Случай XXIII. ЭНО И ПОДЛИННОЕ «Я»
Действующие, лица
Эно — третья по известности фигура в истории дзэн, если первыми двумя считать Будду и Даруму. Образ Дарумы кажется призрачным и нереальным; другие четыре патриарха выглядят немного неуверенными в себе и сомневающимися. Только после Эно появился тот дзэн, каким мы его теперь знаем. В нем мы видим китайский характер в его лучших проявлениях. Нет оснований считать, как это делает Д. Т. Судзуки, что необразованность Эно преувеличена. Скорее всего, до конца своей жизни он так и не научился читать и писать. Его осведомленность в сутрах ничего не говорит о его грамотности, потому что когда сутры читают по-китайски, их смысл вполне понятен, и в день своего первого просветления Эно без труда воспринял на слух знаменитые слова из Алмазной сутры.
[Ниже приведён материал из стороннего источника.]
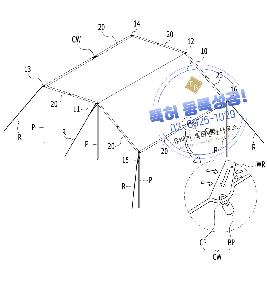 조절할 수 있으며 또한, 타프 체결추에는 조명이 설치되어 야간에 타프 체결추의 위치를 명확히 나타냄과 동시에 조명등의 역할을 할 수 있는 특징이 선행발명과 차별점으로 분석되었고,
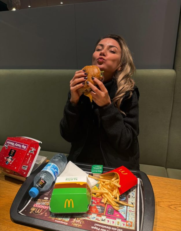 … und Anna-Carina …? „Nach diesem ereignisreichen Wochenende hatte ich richtig Lust auf einen Burger mit Pommes – und ich denke, den hab ich mir heute wirklich verdient! 😄🍔“, schrieb sie am 16.11.2025 auf ihrer Facebook-Seite. („Ich wünsche Euch allen einen schönen Sonntagabend!“)
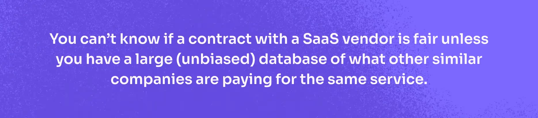 You can’t know if a contract with a SaaS vendor is fair unless you have a large (unbiased) database of what other similar companies are paying for the same service. You’d need to:
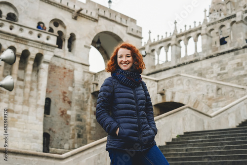 Young woman with ginger hair in the Fisherman's Bastion in the Castle district of Budapest
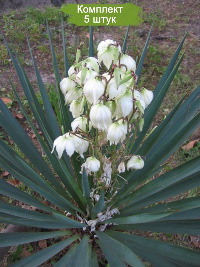 В набор входит 5 саженцев юкки Повислая, готовых к высадке в открытый грунт.
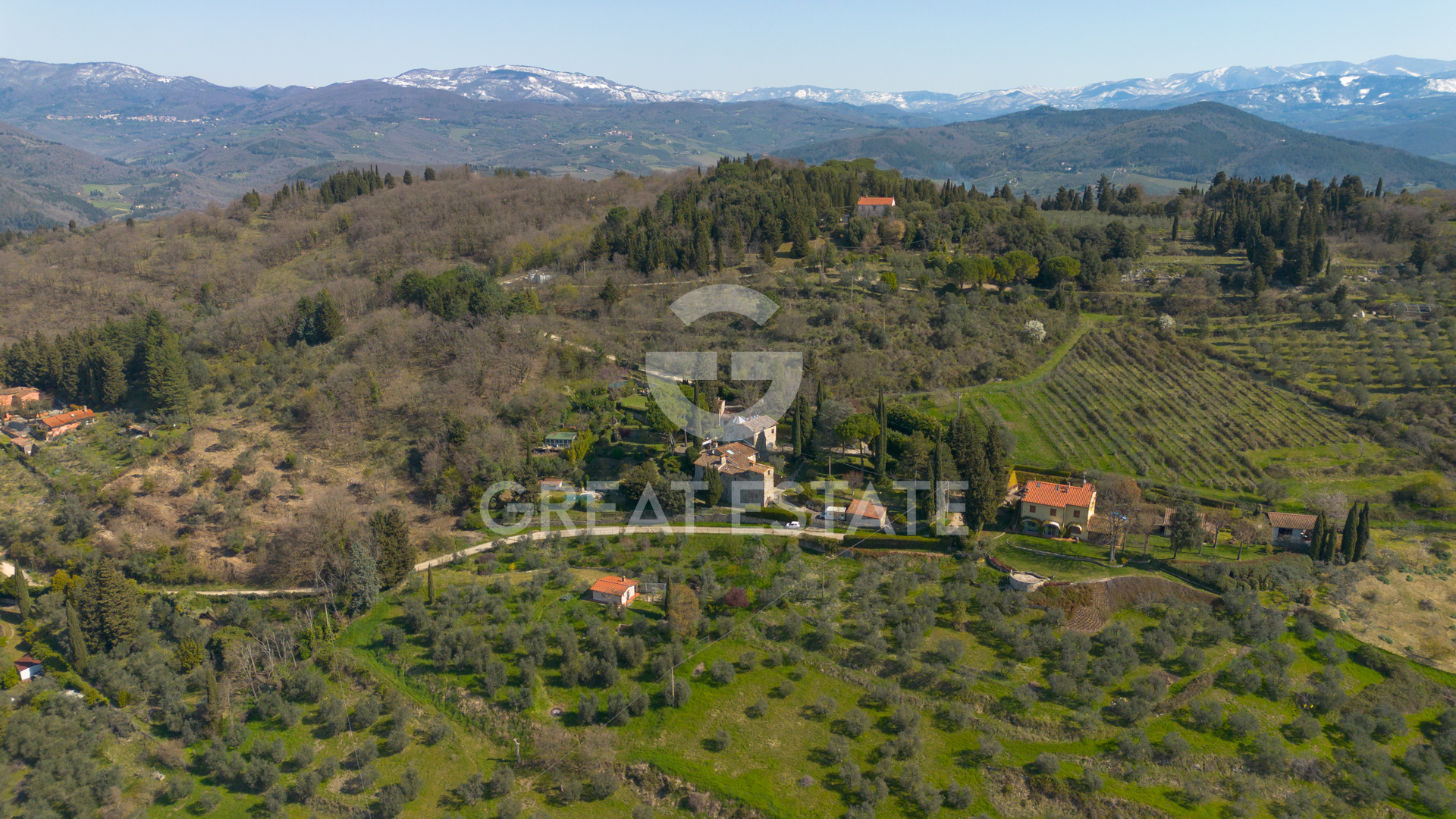 Immersed in the prestige of the Tuscan hills, just 15 km from the heart of Florence, stands this magnificent farmhouse, where the charm of the Middle Ages meets contemporary exclusivity.The main building, originally conceived as a fortified watchtower, preserves the grandeur of its original architecture, offering a living experience steeped in history and authenticity. In addition to the main residence, the estate features two independent apartments.The main residence, measuring approximately 350 sqm, is arranged over two levels. On the ground floor there is an entrance hall, traditional kitchen, living room, dining room, laundry room, one bedroom, and three bathrooms. The first floor hosts three bedrooms, one of which features a mezzanine level, and an additional bathroom.The residence is further enhanced by a semi-basement level comprising a summer lounge with bathroom and library, ideal to be transformed into a modern wellness area, a gym, or a winter garden, as well as original stone cellars and a technical room.Within the main farmhouse there are also two apartments with independent entrances:- Apartment of approximately 40 sqm located on the ground floor, consisting of entrance, kitchen, bedroom, and bathroom.- Apartment of approximately 80 sqm located on the first and second floors, comprising entrance, kitchen, living room, two bedrooms, one bathroom, and on the upper floor the turret.The entire property is set within a landscaped park of 5,000 sqm, overlooking the city of Florence and the surrounding hills. The natural terraced layout not only offers ever-changing panoramic views, but also ensures each residential unit its own privacy and a dedicated garden area.The true heart of the summer season is the swimming pool, positioned in a secluded area on the lower level of the park.The property is completed by two agricultural outbuildings, highly useful for the storage of various equipment.
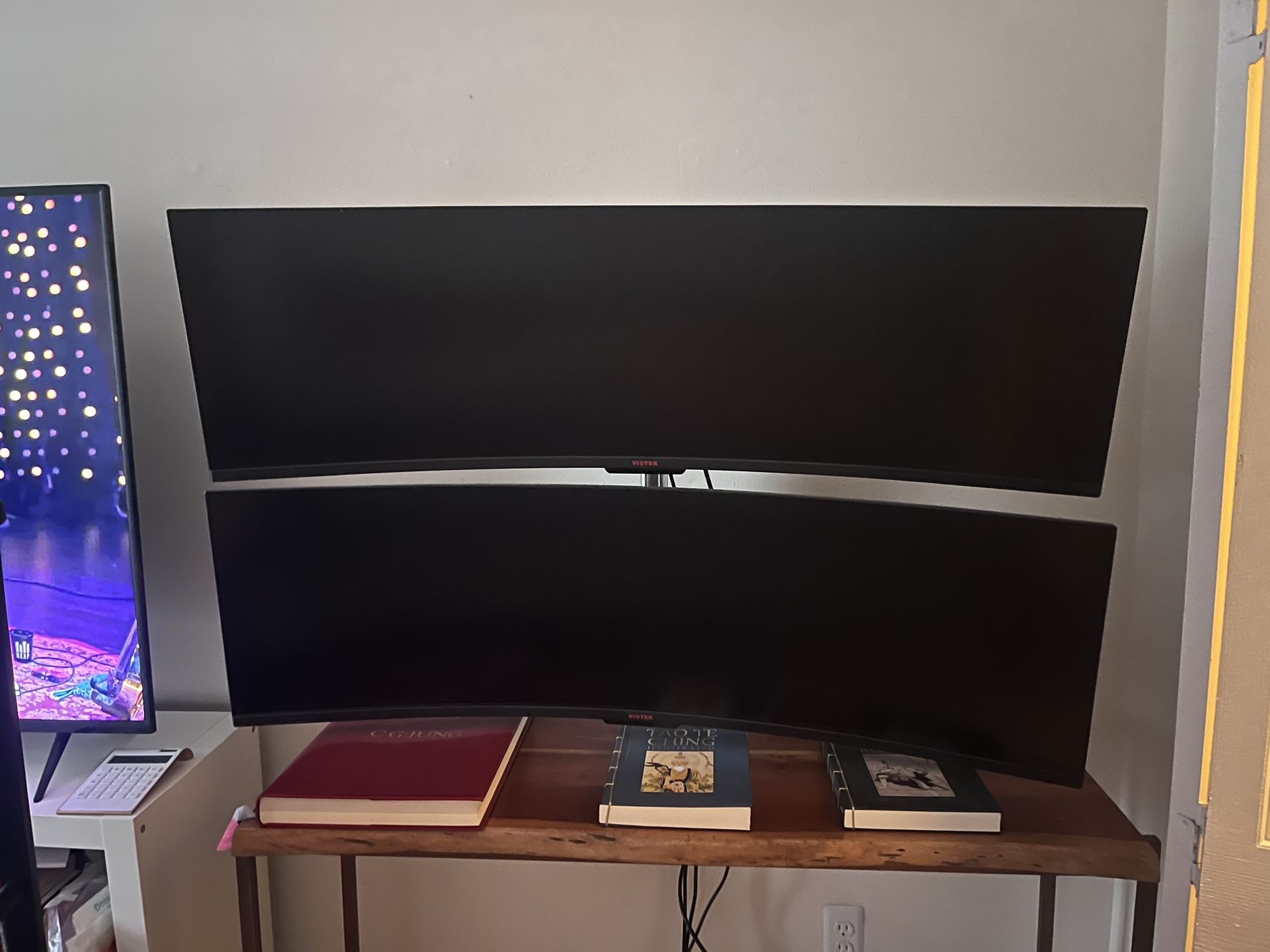 Selling my trading monitors. 2k each or 2k for one. I will include all the cords and connections and remote. I was recently gifted an even larger set up and am preparing to relocate. I don’t want to pack all these monitors so these are for sale with the table and monitor stand included. Originally $2500 per monitor.
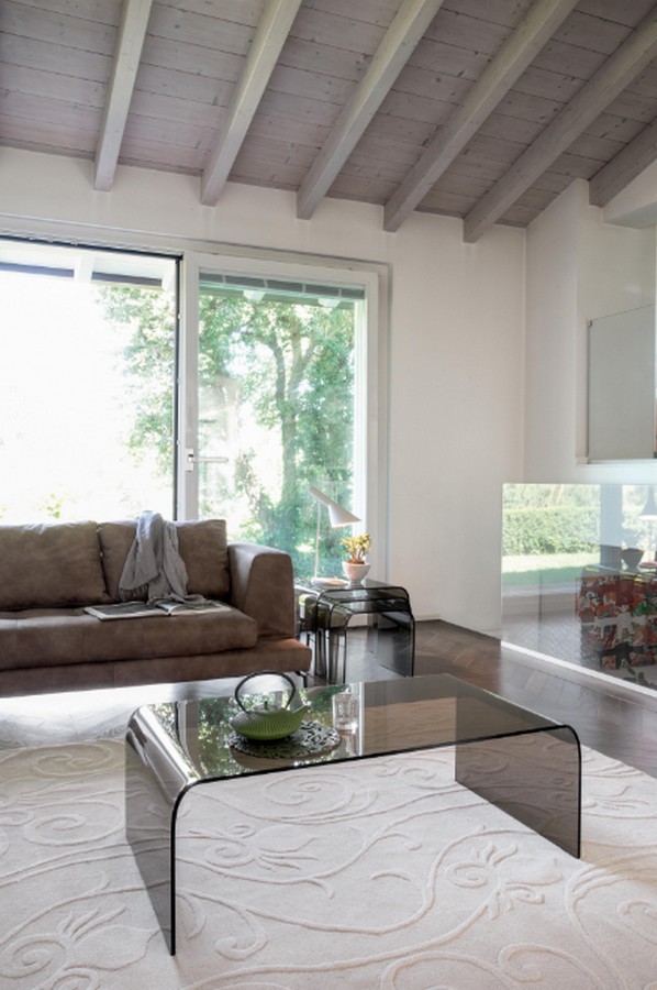 The anemone coffee table by Tonin Casa is in curved glass with glass or wooden shelf. Anemone is a coffee table that lets you glimpse its shapes, but hides and protects a containing area for your most precious objects. a curved wooden structure covers the wooden or glass shelf, breaking a continuous line to create rhythm and complexity. The versions available, such as single tables and servants. or as a trio of tables. allow anemone to place itself in the most disparate places.
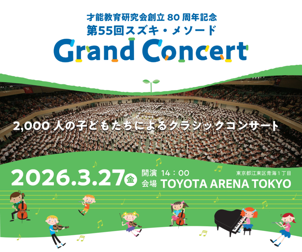 スズキ・メソードのWebマガジン「マンスリースズキ」では、前回の第54回グランドコンサート開催に合わせて、特別サイトを制作。そこには、第54回グランドコンサートの詳細とともに、これまでの開催の歴史を示す大会プログラムがすべて収納されています。アーカイブ資料としてご覧ください。
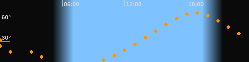 Höchster Stand (Kulmination)18:48 Uhr (h = 71,8°)
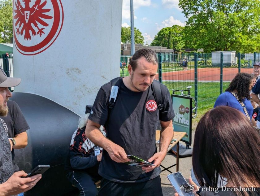 Schon lange vor dem Anpfiff um 15.30 Uhr strömten die Menschen in den Hattersheimer Sportpark und nutzten insbesondere mit dem beigeisterten Nachwuchs im Schlepptau das umfangreiche und spaßige Rahmenprogramm für die ganze Familie. Die Hattersheimer und die Frankfurter Eintracht waren gleichermaßen mit eigenen Merchandise-Ständen am Start, es gab eine Hüpfburg in Schwarz-Weiß-Rot, ein Gewinnspiel versprach ein signiertes Trikot von Eintracht Frankfurt als Hauptpreis, es gab einen Tischticker auf dem Rasen, einen Schussgeschwindigkeits-Test, eine Torwand und vieles mehr. Und das alles bei sommerlichem Wetter - man kann nur hoffen, dass nach dem wettermäßig arg durchwachsenen Wochenende möglichst viele Besucherinnen und Besucher rechtzeitig die akute Notwendigkeit eines Sonnenschutzes erkannt haben. Und natürlich wurde auch für das leibliche Wohl der vielen Fans mehr als ausreichend gesorgt.
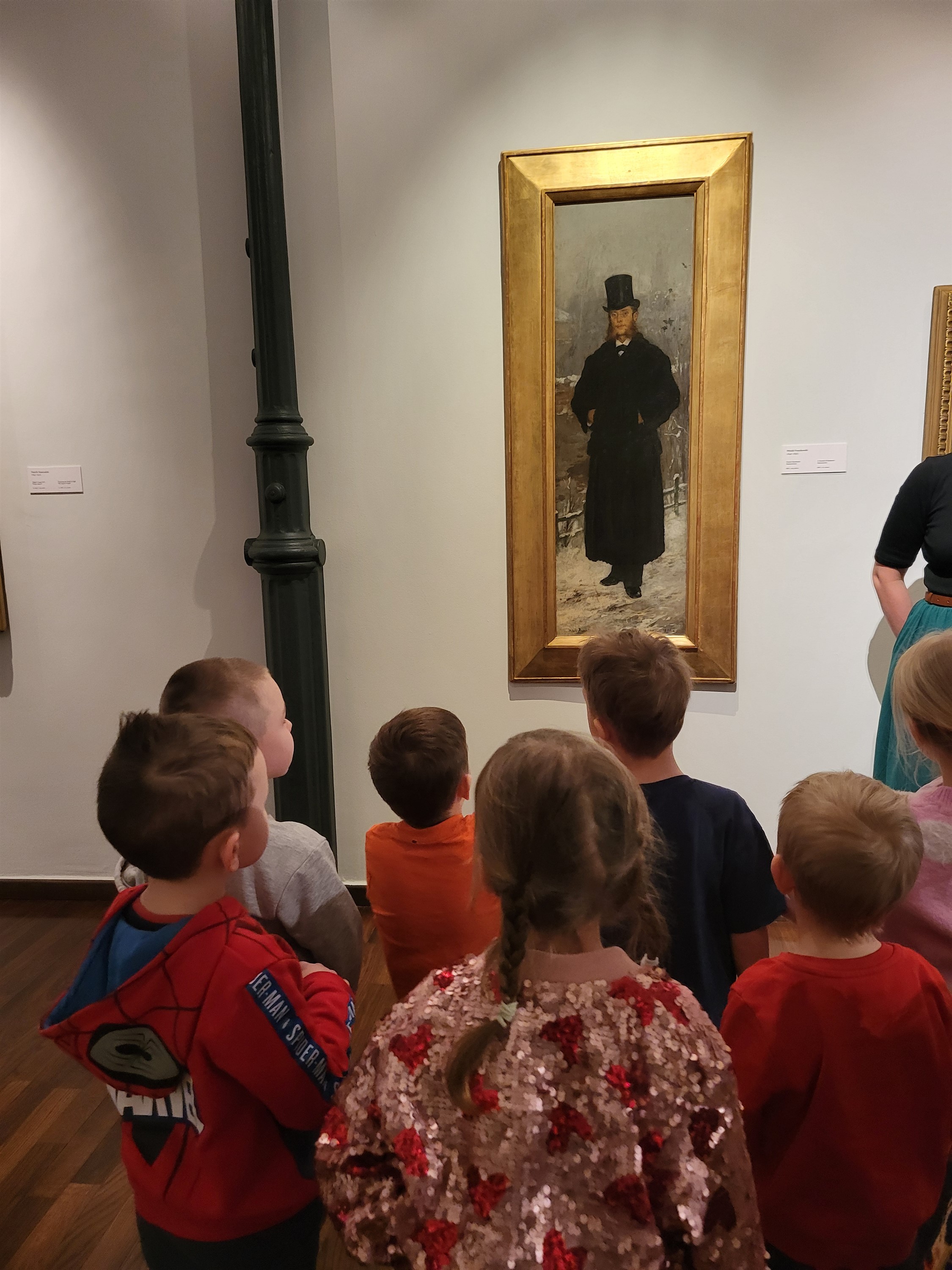 6 marca wzięliśmy udział w przedostatnich warsztatach w ramach Akademii Malucha w Muzeum Pałac Herbsta. Tym razem tematem zajęć były portrety oraz pojęcie atrybutu. Po przejściu Galerii Sztuki, obejrzeniu obrazów i znalezieniu na nich wcześniej wspomnianych atrybutów, mieliśmy okazję sami stworzyć portret, a nawet autoportret. Każdy namalował obraz samego siebie, z uwzględnieniem atrybutu, który go określa. To były ciekawe zajęcia, pobudzające wyobraźnię każdego z nas. Nie możemy doczekać się kolejnych, ostatnich już warsztatów w tym roku szkolnym.
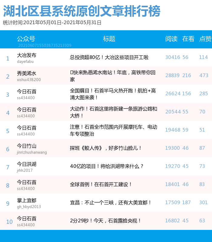 從原創文章排行榜來看,“今日石首”攜5篇原創文章占據榜單半壁江山,成績亮眼。入榜文章主要有《全國矚目!石首半馬火熱開跑!航拍+高清大圖來襲!》《大動作!石首這里將新建一條旅游公路和大橋!》《全球首例!在石首開工建設!》《2分29秒!今天,石首露臉央視!》等,文章標題主要有以下特點可供其他單位參考:
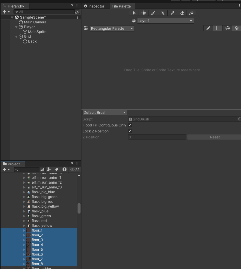 Tile Pallete를 생성 했으면 그 안에 스프라이트(물감)를 넣어야 된다.
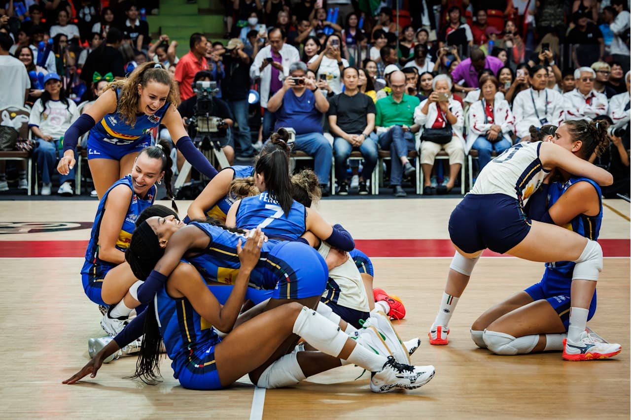Парисын олимпын аварга Италийн эмэгтэйчүүдийн шигшээ энэ финалд 25:23, 13:25, 26:24, 19:25, 15:8-аар буюу таван үеийн ширүүн тулаанаар ялалт байгуулснаар 23 жилийн дараа Дэлхийн аваргын алдрыг дахин хүртлээ. Ингэснээр Кубын шигшээ Олимп, Дэлхийн аваргыг цомыг хамтад нь өргөсөн гайхалтай түүхийг давтаж байна.
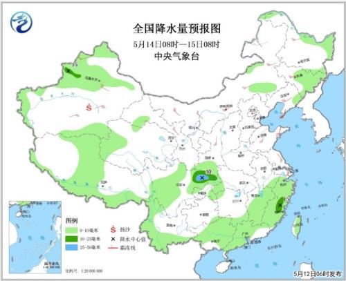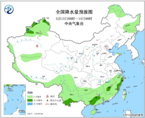 图1 全国降水量预报图(5月12日08时-13日08时)
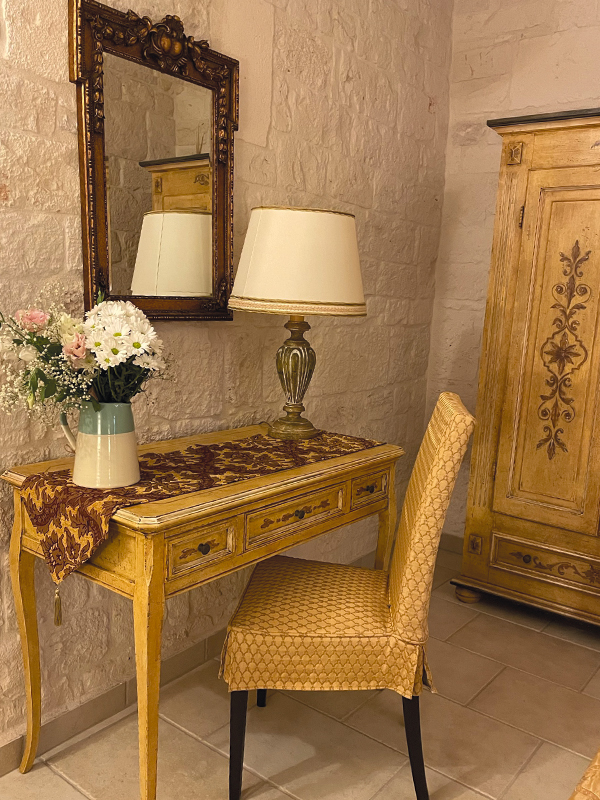 Our Masseria Rooms showcase traditional Puglian style: white tuff‑stone walls and graceful barrel‑vaulted ceilings. Hand‑painted wooden furniture in warm earthy tones enhances the authentic charm, while premium mattresses and luxury linens ensure a restful stay. Perfect for those seeking traditional masseria accommodation in Puglia.
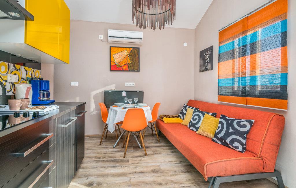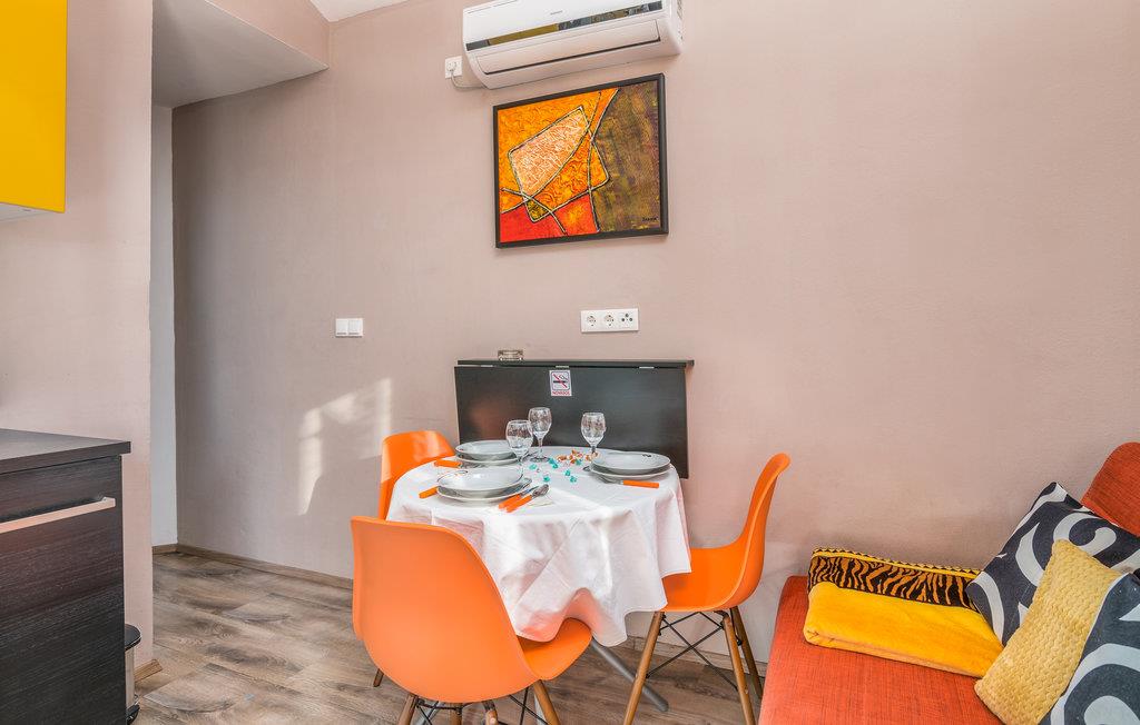 Denne smukke lejlighed er lys og moderne og tilbyder plads i 1 soveværelse og 1 badeværelse. På den overdækkede terrasse kan du tilbringe dejlige øjeblikke i den friske luft og planlægge dagens aktiviteter. På varme dage sikrer klimaanlægget behagelige temperaturer i lejligheden. Takket være satellit-tv er der garanteret underholdning.

На примере Эно мы понимаем, каким образом обычный человек может быть Буддой. У него почти нет той любви к парадоксам во имя парадоксов, которая исказила более поздний дзэн. Он никого не бил и ни на кого не кричал. Он не пытался вложить смысл вселенной в один иероглиф, как это делал Уммон. Он мог встать (или сесть) перед толпой простых людей, богатых и бедных, ученых и неученых, и сказать на простом и скромном языке, чем дзэн является, чем он не является. Доброта, простота, честность, открытость, вежливость — все это присуще Эно. Ему недостает только поэтичности. Об Эмё (Хуэй-мине) в Рокусодангё говорится:
Один монах, известный в миру как Тин, а впоследствии получивший имя Эмё, был одним из тех, кто преследовал меня. [В миру] Эмё был генералом четвертого ранга. В своем характере и поступках он отличался прямотой и откровенностью. Он был самым настойчивым из моих преследователей.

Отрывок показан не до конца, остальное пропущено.